= Kama muta =

Emotion akin to being moved

Kama muta (Sanskrit: काममूत 'moved by love') is an emotion described by expressions such as 'being moved', 'heart-warming', 'stirring', or 'being emotionally touched'. It is a primarily positive emotion which is experienced as a feeling of buoyancy, security and warmth in the chest, and may be accompanied with goosebumps or tears. Kama muta is felt when one observes or engages in events which cause a deepened sense of equivalence or oneness with others, and motivates devotion to those relationships. Kama muta is considered to have the evolutionary function of facilitating the devotion, commitment and connection necessary for human social union.

== Background and overview ==
As early as the end of the 19th century, scholarly discussion has occurred over the existence and importance of the emotional experience often described in English as 'being moved'. The theory behind kama muta represents a surge in systematized research on the experience in the 21st century, influenced in large part by the work of Alan Fiske.

The scientific term 'kama muta' was coined as to help identify and describe the emotion between cultures and languages. Kama muta is taken to unify the experience, which is denoted by different vernacular lexemes across languages. For example, an English speaker saying that they feel moved, a Mandarin speaker saying that they feel gǎndòng (感动) and a Norwegian person saying that they feel rørt, are all taken to be saying that they are experiencing kama muta.

Kama muta has a multifaceted definition based on "appraisals, valence, bodily sensations [and] motivation", which has allowed for research to be conducted on the emotion in many different countries and languages across the globe. In this manner, the theory behind kama muta has addressed some of the ontological and epistemological challenges with identifying, characterising and measuring emotions scientifically.

== The kama muta model ==

=== Assumptions ===
As there is no scientific consensus on how we should classify emotions, emotion theories operate on assumptions about how emotions can be identified, characterised and measured. Fiske, Schubert and Seibt outline that the kama muta model operates on two central assumptions:

1. That the experience of emotion is facilitated through internal apparatuses shaped by our evolution, which are universal.
2. That emotional experiences can be categorized, distinguished and measured through a unique footprint of changes in our subjective phenomenological and objective physiological experience.

=== Causes and functions ===
Kama muta is considered to be facilitated by evolutionary reasons, due to its expected role in interpersonal relationships. Specifically, kama muta is considered to be related to communal sharing relations, one of the four fundamental categories of social relations described in relational models theory. Communal sharing relations are those in which individuals are brought to the perception of their equivalence, or oneness with a set of individuals under a common and equalizing characteristic, or feature.

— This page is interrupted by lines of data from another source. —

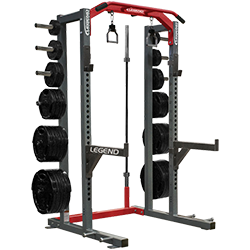 The premier half cage. This is Legend's top-selling cage among high schools and those with floorspace and/or budget concerns. The Legend Fitness Half Cage features an open design wide enough and deep enough to accomplish all of your goals, yet its footprint is small enough to allow you to keep more space in your weight room. A 3″ x 3″ frame with only 8 frame bolts (compared with the competition’s 20 or more) means that this is the most rigid half cage you’ll look at today. Or any day.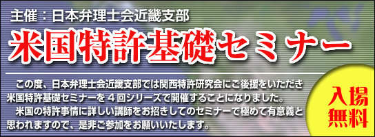 お問い合せ | 日本弁理士会近畿支部 米国特許基礎セミナー申込係 TEL 06-6775-8200 ※平成23年3月1日以降 TEL06-6453-8200 |
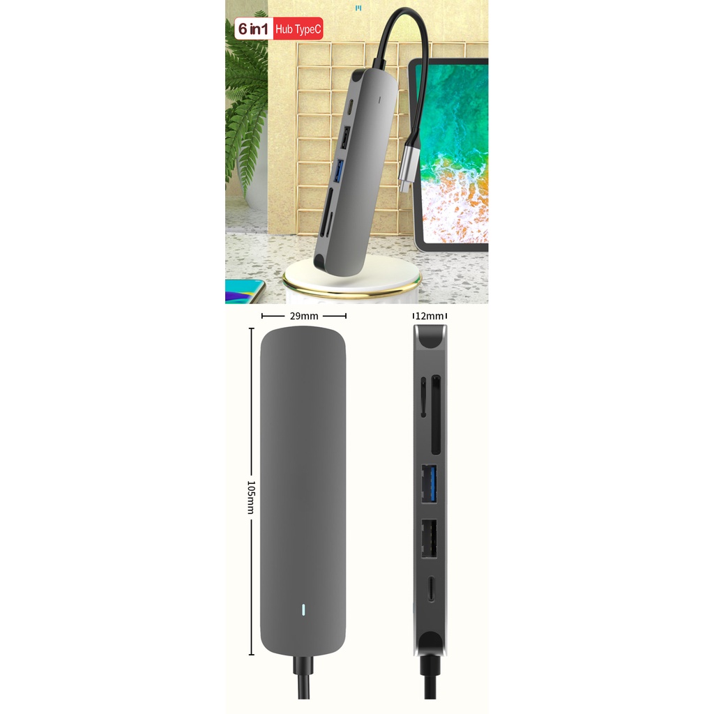 ⚡ Hub 6 trong 1: Cổng TypeC 60W vừa sạc nhanh 3.0 vừa truyền dữ liệu typec 2.0; USB 2.0, USB 3.0; Đọc Thẻ nhớ TF/SD; HDMI 4K

Individuals in communal sharing relations feel compassion towards each other, and are motivated by a sense of devotion towards their common identity.

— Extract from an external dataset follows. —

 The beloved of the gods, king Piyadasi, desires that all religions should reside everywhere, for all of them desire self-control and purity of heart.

It is predicted that kama muta occurs when individuals either engage in, or simply observe an event which causes a "sudden intensification" of their perception of communal sharing relations. This may take the form of (but is not limited to) engaging in or observing acts of great compassion, of closeness and intimacy, or of cooperation and harmony.

=== Measurement ===

The kama muta model framework incorporates many of the characteristic elements which are considered to constitute the experience, including: the reported valence of the emotion, its common physiological symptoms, its effect on motivations, the typical appraisal made of eliciting stimuli, and the typical vernacular lexemes used to describe the experience in different cultures and languages. This multi-faceted definition of kama muta enables operationalization and measurement in different cultures across the globe. Typically this has occurred through the presentation of videos thought to induce kama muta, followed by a questionnaire that has been translated to meaningfully suit the culture it occurs in.

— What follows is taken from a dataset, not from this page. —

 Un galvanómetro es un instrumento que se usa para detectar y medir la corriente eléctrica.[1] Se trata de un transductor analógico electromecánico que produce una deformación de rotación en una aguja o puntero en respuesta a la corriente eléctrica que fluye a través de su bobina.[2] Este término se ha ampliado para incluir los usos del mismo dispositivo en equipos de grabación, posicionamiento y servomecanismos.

Kama muta is thought to have occurred when an individual reports an emotional experience that: is positive, is accompanied by such bodily sensations as tears or goosebumps, is felt in response to an increase in communal sharing relations, causes a motivation to share and intensify their communal sharing relations with others and is referred to using vernacular approximately meaning 'being moved'. As kama muta can be experienced without the presence of some of these elements, research has been aimed at specifying the necessary elements and thresholds required to categorise the experience.